**Provided data:**

Content starts

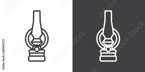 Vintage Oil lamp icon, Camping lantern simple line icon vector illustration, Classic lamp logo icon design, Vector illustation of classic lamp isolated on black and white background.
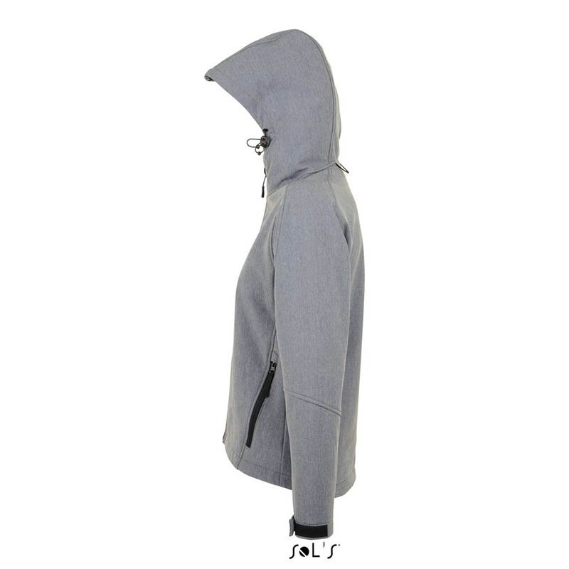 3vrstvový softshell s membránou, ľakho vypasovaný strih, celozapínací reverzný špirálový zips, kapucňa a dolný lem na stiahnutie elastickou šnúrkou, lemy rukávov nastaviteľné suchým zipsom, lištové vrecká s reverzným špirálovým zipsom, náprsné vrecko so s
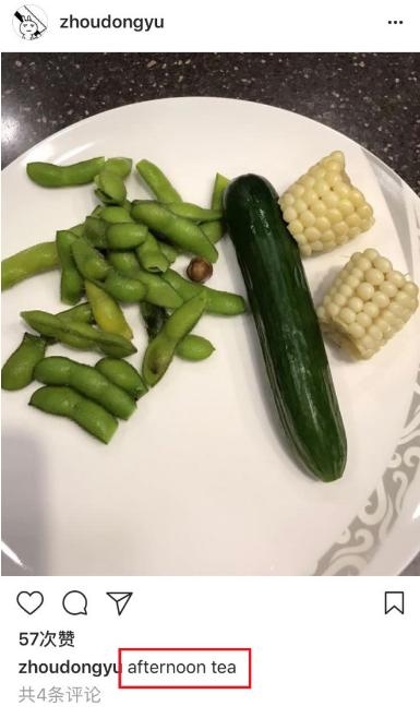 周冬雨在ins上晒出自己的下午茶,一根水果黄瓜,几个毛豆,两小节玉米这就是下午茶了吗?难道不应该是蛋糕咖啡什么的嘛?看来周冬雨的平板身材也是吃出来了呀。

Content ends

**Exercise:** Copy out all the data exactly. No images belong in the copy.

**Response area:**
 Vintage Oil lamp icon, Camping lantern simple line icon vector illustration, Classic lamp logo icon design, Vector illustation of classic lamp isolated on black and white background.
 3vrstvový softshell s membránou, ľakho vypasovaný strih, celozapínací reverzný špirálový zips, kapucňa a dolný lem na stiahnutie elastickou šnúrkou, lemy rukávov nastaviteľné suchým zipsom, lištové vrecká s reverzným špirálovým zipsom, náprsné vrecko so s
 周冬雨在ins上晒出自己的下午茶,一根水果黄瓜,几个毛豆,两小节玉米这就是下午茶了吗?难道不应该是蛋糕咖啡什么的嘛?看来周冬雨的平板身材也是吃出来了呀。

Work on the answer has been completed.